▸ **WHAT YOU HAVE TO DO**:
Reproduce the entries in full. Exclude all images from the copy.

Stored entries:

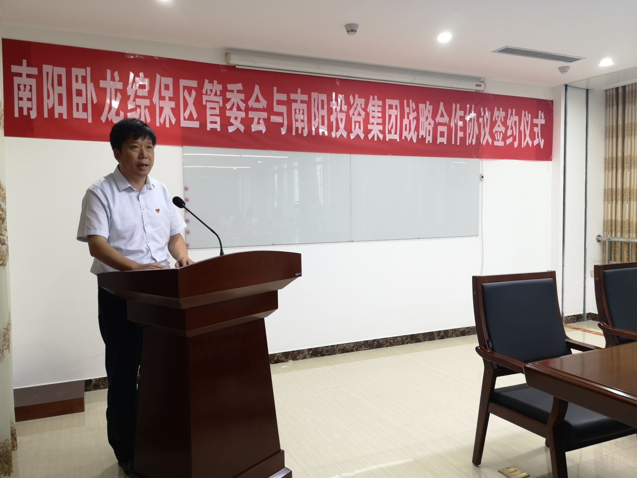 2020年7月17日上午,南陽投資集團(tuán)與南陽臥龍綜保區(qū)簽訂戰(zhàn)略合作協(xié)議,掀開了雙方合作共贏的新篇章。南陽投資集團(tuán)黨委書記、董事長楊振中、南陽投資集團(tuán)黨委委員、總經(jīng)理高增偉和臥龍綜保區(qū)管委會主任李文鵬等領(lǐng)導(dǎo)參加簽約活動。
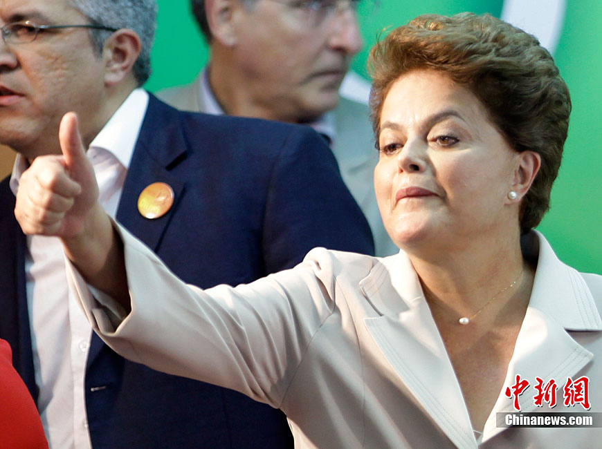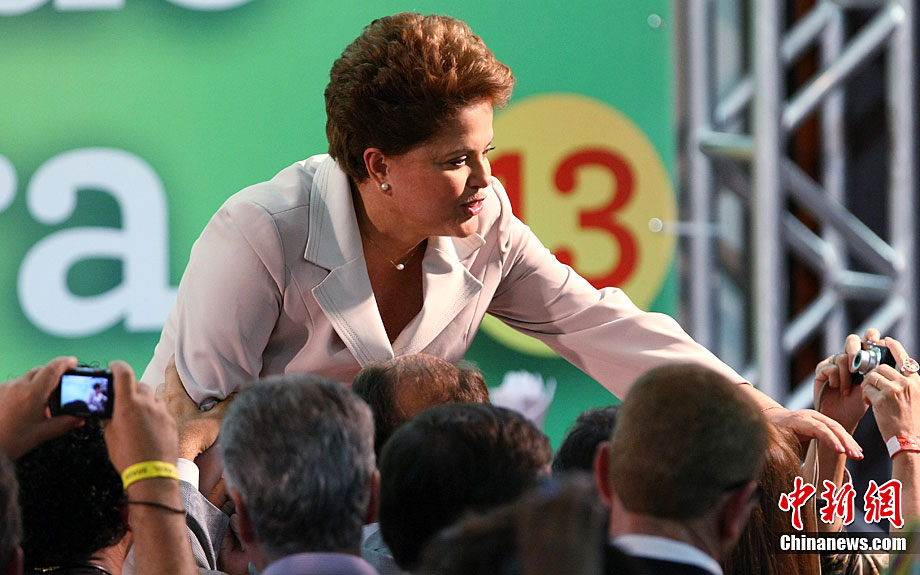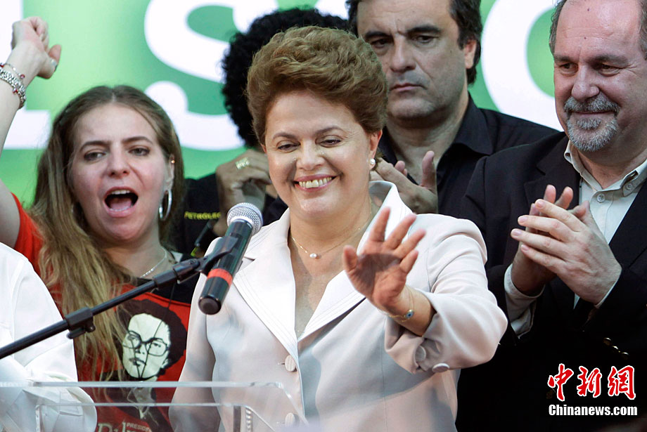 巴西當地時間10月31日選出該國首位女總統,當天巴西最高選舉法院宣布,根據已統計完的95%的選票,勞工黨候選人迪爾瑪·羅塞夫在第二輪投票中勝出,當選總統。現年62歲的羅塞夫獲得55%的選票,擊敗了唯一的競爭對手前圣保羅州州長、社會民主黨候選人若澤·塞拉。圖為10月31日,勞工黨候選人迪爾瑪·羅塞夫在巴西利亞舉辦獲勝演說。
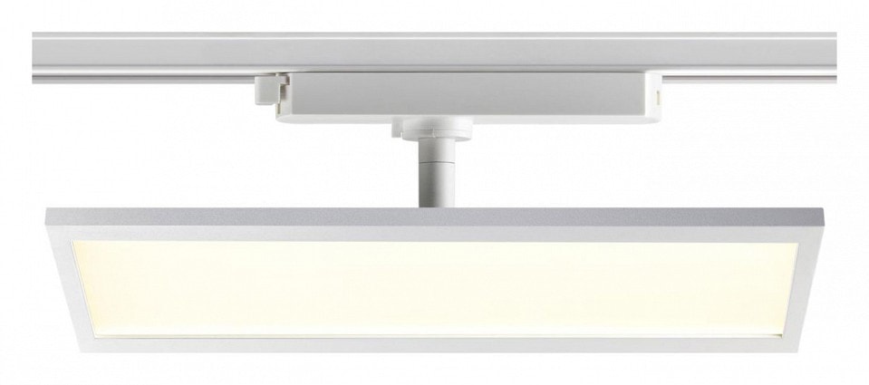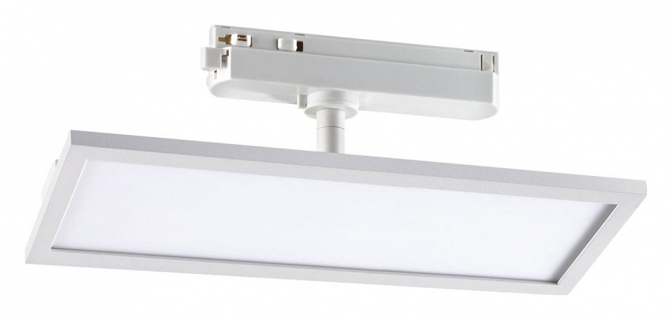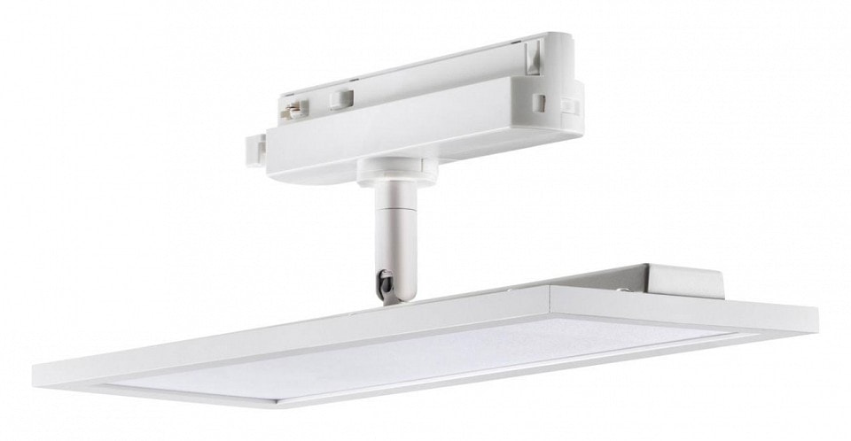 Светильник работает от сети с напряжением 220 В и требует однофазный трек для установки. Степень пылевлагозащиты IP 20 гарантирует надежную работу в помещениях с низким уровнем влажности. Плафон имеет прямоугольную плоскую форму, что добавляет современный акцент в интерьер.
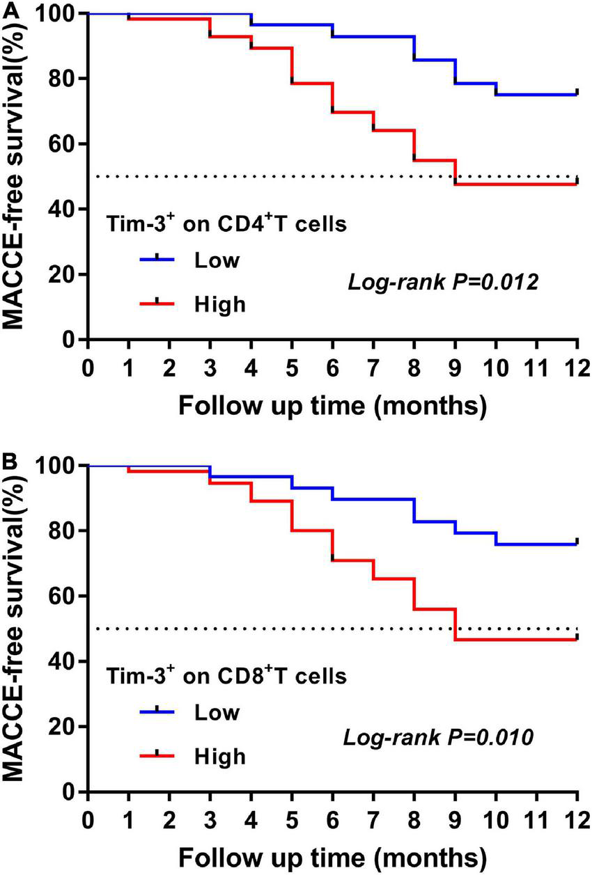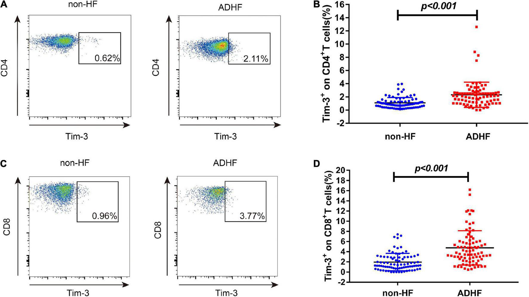 We found that the Tim-3 expression on CD4+ T cells [2.08% (1.15–2.67%) vs. 0.88% (0.56–1.39%), p < 0.001] and CD8+ T cells [3.81% (2.24–6.03%) vs. 1.36% (0.76–3.00%), p < 0.001] in ADHF group were significantly increased vs. the non-ADHF group. Logistic analysis revealed that high levels of Tim-3 expressed on CD4+ and CD8+ T cells were independent risk factors of ADHF (OR: 2.76; 95% CI: 1.34–5.65, p = 0.006; OR: 2.58; 95% CI: 1.26–5.31, p = 0.010, respectively). ROC curve analysis showed that the high level of Tim-3 on CD4+ or CD8+ T cells as a biomarker has predictive performance for ADHF (AUC: 0.75; 95% CI: 0.68–0.83; AUC: 0.78, 95% CI: 0.71–0.85, respectively). During a median follow-up of 12 months, the Cox regression analysis revealed that higher Tim-3 on CD4+ and CD8+ T cells were strongly associated with increased risks of MACCE within 12 months after ADHF (HR: 2.613; 95% CI: 1.11–6.13, p = 0.027; HR: 2.762, 95% CI: 1.15–6.63, p = 0.023; respectively).
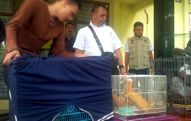 Petugas berhasil menyita 15 satwa dilindungi dan menciduk AH yang diduga sebagai pemilik satwa dilindungi tersebut.
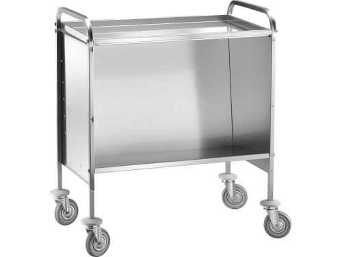 | Descrizione | Carrelli per il trasporto piatti. Struttura in tubo di acciaio inox – ripiano portapiatti e pannellatura in lamiera di acciaio inox – ruote multidirezionali ø 125 mm. |
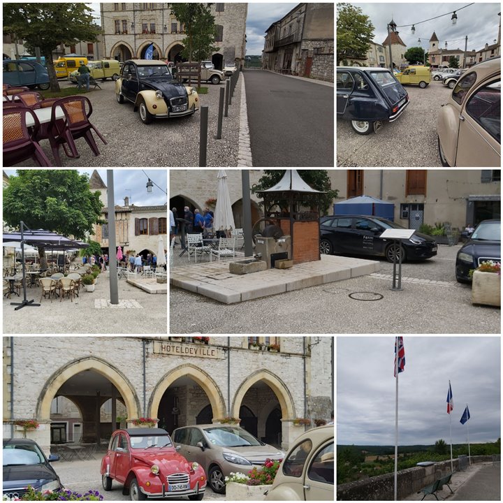 An appropriate entente cordiale bottom right plus a 2CV rally in the village square. Something for everyone.....flowers, cars, buildings, views!
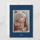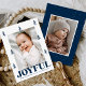 Celebrate the season with this festive photo Christmas card featuring your vertical photo framed by elegant navy hand-drawn pine trees on a crisp white background. Bold navy "Joyful" lettering showcases your personalised holiday greeting and family name below. The card reverses to reveal an additional photo set against a coordinating navy background with subtle white dots, making it a perfect way to share warm, festive wishes.
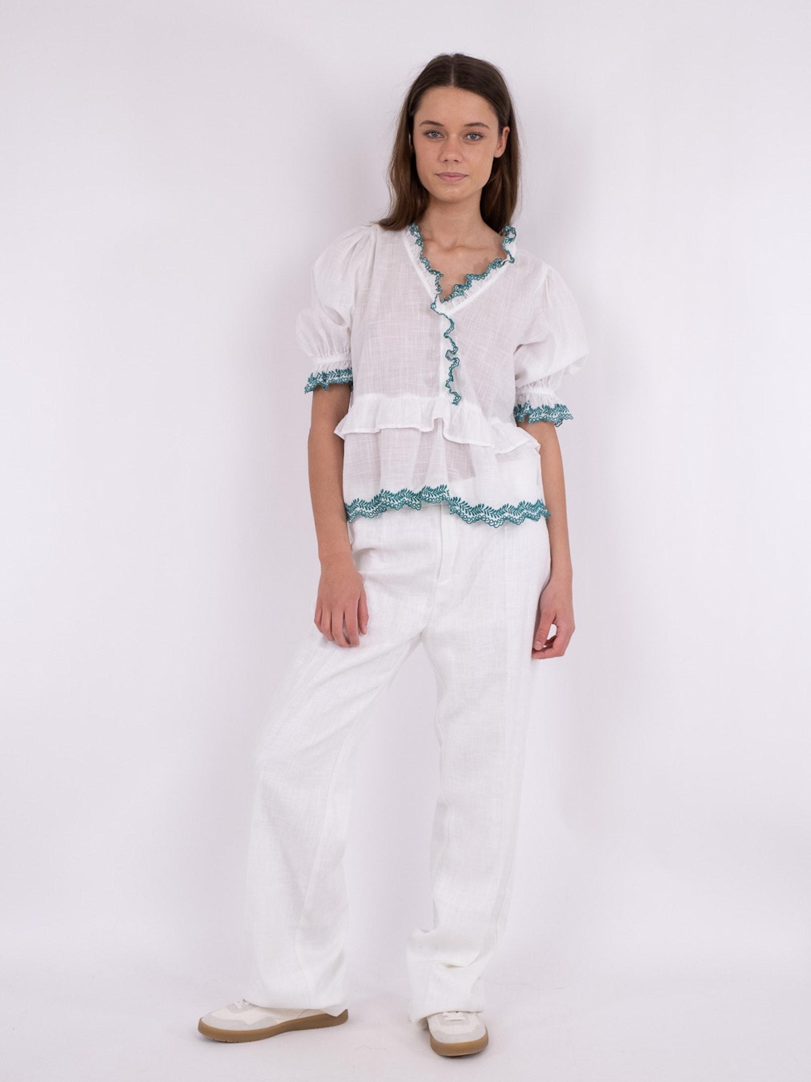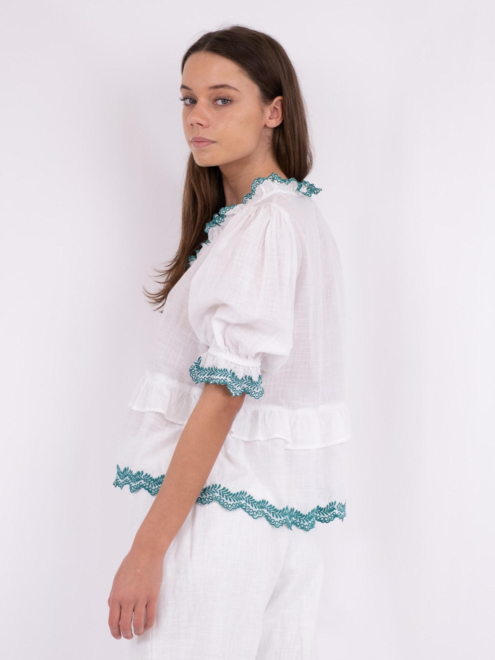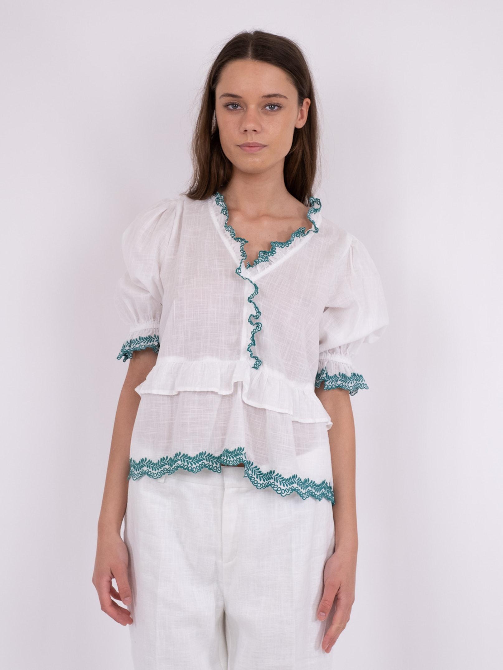 Emmi Bluse, Hvid/Grøn, 38
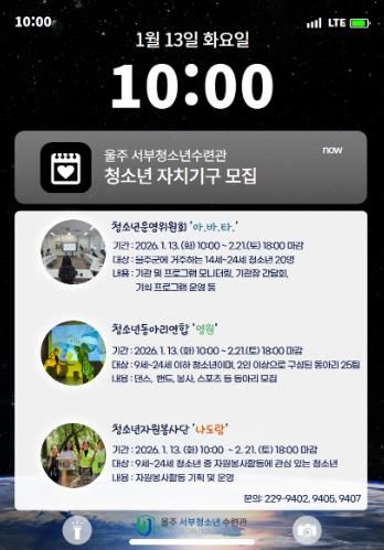 (포탈뉴스통신) 울주군시설관리공단 서부청소년수련관은 청소년의 참여 활성화와 자치 역량 강화를 위해 2026년도 청소년 자치기구 신규 참여 청소년을 모집한다고 밝혔다.
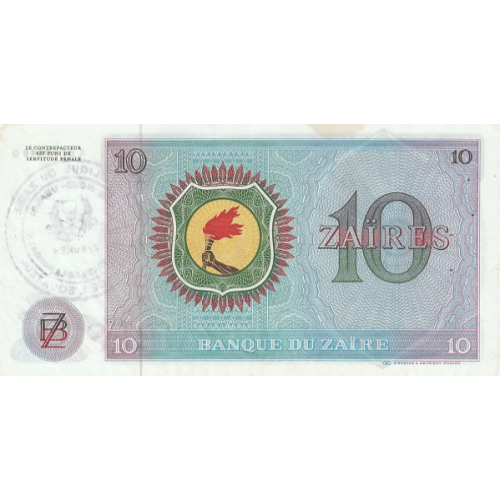 P R4b Zaire - 10 Zaires Year 1977 (Stamp is less Beautiful)
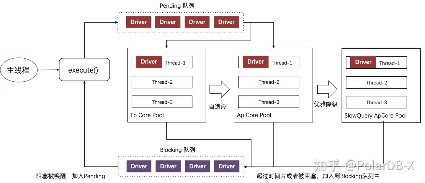 出现问题(1)主要的场景是我们把AP类型的查询识别成了TP,结果会导致AP影响到TP,这是不可以接受的。所以我们在执行过程中会监视TP Driver的执行时长,超过一定阈值后扔没有结束的查询,会主动退出时间片,然后将其它调度到AP Core Pool执行。而为了解决问题(2), 我们会将AP Core Pool中长时间运行都未结束的Driver,进一步做优雅降级,调度到SlowQuery AP Core Pool执行。其中SlowQuery AP Core Pool会设置执行权重,尽可能降低其执行Driver的频率。
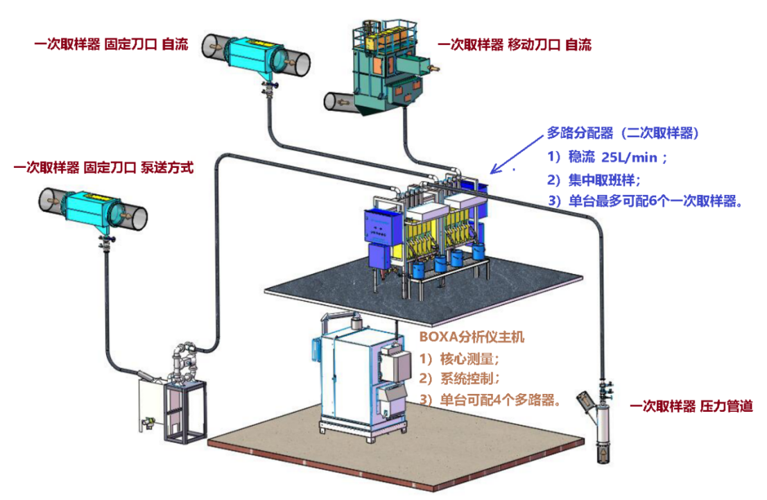 选矿流程关键工艺参数在线分析系统包括在线品位分析系统和在线粒度分析系统。BOXA在线品位分析系统为选矿厂进行选矿工艺控制和调整提供快速、准确的分析结果,该分析仪采用波长色散+能量色散技术可对多达24个样品流同时测量铜、铁、钼、铅、锌等元素含量和浓度,并可间接测量硫的含量。BPSM型载流在线粒度分析仪是一款高性能的测量矿浆粒度的实时分析系统,可为选矿厂进行磨矿监视、调整和控制提供快速、准确的粒度分析结果,该在线粒度分析仪可对多达4个测量流道同时提供粒度和浓度2个参数。
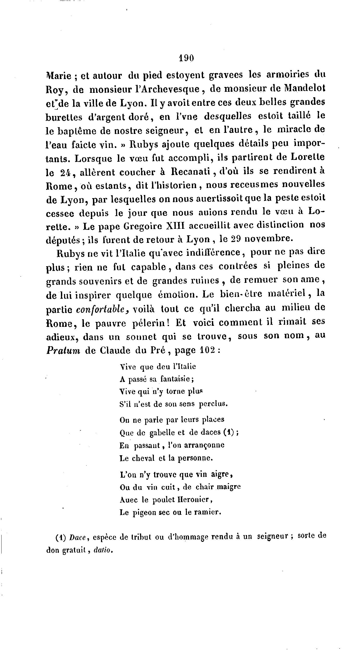 l'eau faicle vin. » Rubys ajoute quelques détails peu impor-
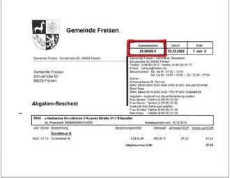 Um eine zügige und ordnungsgemäße Verbuchung der Zahlungen an die Gemeindekasse Freisen zu gewährleisten, werden alle Abgabenpflichtige gebeten, bei ihren Überweisungen immer das 8-stellige Kassenzeichen anzugeben. Es befindet sich im rechten oberen Teil des Abgabenbescheides. Im nachfolgenden Beispiel ist dieses Feld rot umrahmt dargestellt.

▸ **ANSWER BOX**:
 2020年7月17日上午,南陽投資集團(tuán)與南陽臥龍綜保區(qū)簽訂戰(zhàn)略合作協(xié)議,掀開了雙方合作共贏的新篇章。南陽投資集團(tuán)黨委書記、董事長楊振中、南陽投資集團(tuán)黨委委員、總經(jīng)理高增偉和臥龍綜保區(qū)管委會主任李文鵬等領(lǐng)導(dǎo)參加簽約活動。
 巴西當地時間10月31日選出該國首位女總統,當天巴西最高選舉法院宣布,根據已統計完的95%的選票,勞工黨候選人迪爾瑪·羅塞夫在第二輪投票中勝出,當選總統。現年62歲的羅塞夫獲得55%的選票,擊敗了唯一的競爭對手前圣保羅州州長、社會民主黨候選人若澤·塞拉。圖為10月31日,勞工黨候選人迪爾瑪·羅塞夫在巴西利亞舉辦獲勝演說。
 Светильник работает от сети с напряжением 220 В и требует однофазный трек для установки. Степень пылевлагозащиты IP 20 гарантирует надежную работу в помещениях с низким уровнем влажности. Плафон имеет прямоугольную плоскую форму, что добавляет современный акцент в интерьер.
 We found that the Tim-3 expression on CD4+ T cells [2.08% (1.15–2.67%) vs. 0.88% (0.56–1.39%), p < 0.001] and CD8+ T cells [3.81% (2.24–6.03%) vs. 1.36% (0.76–3.00%), p < 0.001] in ADHF group were significantly increased vs. the non-ADHF group. Logistic analysis revealed that high levels of Tim-3 expressed on CD4+ and CD8+ T cells were independent risk factors of ADHF (OR: 2.76; 95% CI: 1.34–5.65, p = 0.006; OR: 2.58; 95% CI: 1.26–5.31, p = 0.010, respectively). ROC curve analysis showed that the high level of Tim-3 on CD4+ or CD8+ T cells as a biomarker has predictive performance for ADHF (AUC: 0.75; 95% CI: 0.68–0.83; AUC: 0.78, 95% CI: 0.71–0.85, respectively). During a median follow-up of 12 months, the Cox regression analysis revealed that higher Tim-3 on CD4+ and CD8+ T cells were strongly associated with increased risks of MACCE within 12 months after ADHF (HR: 2.613; 95% CI: 1.11–6.13, p = 0.027; HR: 2.762, 95% CI: 1.15–6.63, p = 0.023; respectively).
 Petugas berhasil menyita 15 satwa dilindungi dan menciduk AH yang diduga sebagai pemilik satwa dilindungi tersebut.
 | Descrizione | Carrelli per il trasporto piatti. Struttura in tubo di acciaio inox – ripiano portapiatti e pannellatura in lamiera di acciaio inox – ruote multidirezionali ø 125 mm. |
 An appropriate entente cordiale bottom right plus a 2CV rally in the village square. Something for everyone.....flowers, cars, buildings, views!
 Celebrate the season with this festive photo Christmas card featuring your vertical photo framed by elegant navy hand-drawn pine trees on a crisp white background. Bold navy "Joyful" lettering showcases your personalised holiday greeting and family name below. The card reverses to reveal an additional photo set against a coordinating navy background with subtle white dots, making it a perfect way to share warm, festive wishes.
 Emmi Bluse, Hvid/Grøn, 38
 (포탈뉴스통신) 울주군시설관리공단 서부청소년수련관은 청소년의 참여 활성화와 자치 역량 강화를 위해 2026년도 청소년 자치기구 신규 참여 청소년을 모집한다고 밝혔다.
 P R4b Zaire - 10 Zaires Year 1977 (Stamp is less Beautiful)
 出现问题(1)主要的场景是我们把AP类型的查询识别成了TP,结果会导致AP影响到TP,这是不可以接受的。所以我们在执行过程中会监视TP Driver的执行时长,超过一定阈值后扔没有结束的查询,会主动退出时间片,然后将其它调度到AP Core Pool执行。而为了解决问题(2), 我们会将AP Core Pool中长时间运行都未结束的Driver,进一步做优雅降级,调度到SlowQuery AP Core Pool执行。其中SlowQuery AP Core Pool会设置执行权重,尽可能降低其执行Driver的频率。
 选矿流程关键工艺参数在线分析系统包括在线品位分析系统和在线粒度分析系统。BOXA在线品位分析系统为选矿厂进行选矿工艺控制和调整提供快速、准确的分析结果,该分析仪采用波长色散+能量色散技术可对多达24个样品流同时测量铜、铁、钼、铅、锌等元素含量和浓度,并可间接测量硫的含量。BPSM型载流在线粒度分析仪是一款高性能的测量矿浆粒度的实时分析系统,可为选矿厂进行磨矿监视、调整和控制提供快速、准确的粒度分析结果,该在线粒度分析仪可对多达4个测量流道同时提供粒度和浓度2个参数。
 l'eau faicle vin. » Rubys ajoute quelques détails peu impor-
 Um eine zügige und ordnungsgemäße Verbuchung der Zahlungen an die Gemeindekasse Freisen zu gewährleisten, werden alle Abgabenpflichtige gebeten, bei ihren Überweisungen immer das 8-stellige Kassenzeichen anzugeben. Es befindet sich im rechten oberen Teil des Abgabenbescheides. Im nachfolgenden Beispiel ist dieses Feld rot umrahmt dargestellt.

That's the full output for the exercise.